══ Dataset excerpt
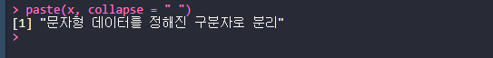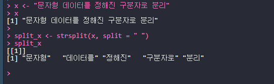 > x <- c("문자형", "데이터를", "정해진", "구분자로", "분리")
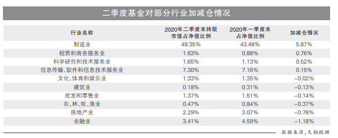 多位基金经理表示,下半年A股市场风格将更为均衡,一方面,顺周期的金融、地产等低估值板块有机会迎来修复;另一方面,业绩确定性较高和高景气高成长的行业依旧有结构性投资机会。结合二季度末行业配置情况来看,制造业、租赁和商务服务业成为基金二季度重点加仓的方向。
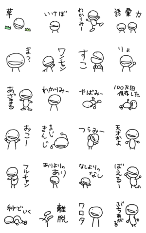 バカ(馬鹿)な下手くそなスタンプ第9弾です。 小学生の子供のようなあなたにどうぞ! 毎日使えるようで使えない?スタンプです。 今回はネットスラング編です。
════
Go through the listing and restate each line word for word, leaving out the pictures.

 > x <- c("문자형", "데이터를", "정해진", "구분자로", "분리")
 多位基金经理表示,下半年A股市场风格将更为均衡,一方面,顺周期的金融、地产等低估值板块有机会迎来修复;另一方面,业绩确定性较高和高景气高成长的行业依旧有结构性投资机会。结合二季度末行业配置情况来看,制造业、租赁和商务服务业成为基金二季度重点加仓的方向。
 バカ(馬鹿)な下手くそなスタンプ第9弾です。 小学生の子供のようなあなたにどうぞ! 毎日使えるようで使えない?スタンプです。 今回はネットスラング編です。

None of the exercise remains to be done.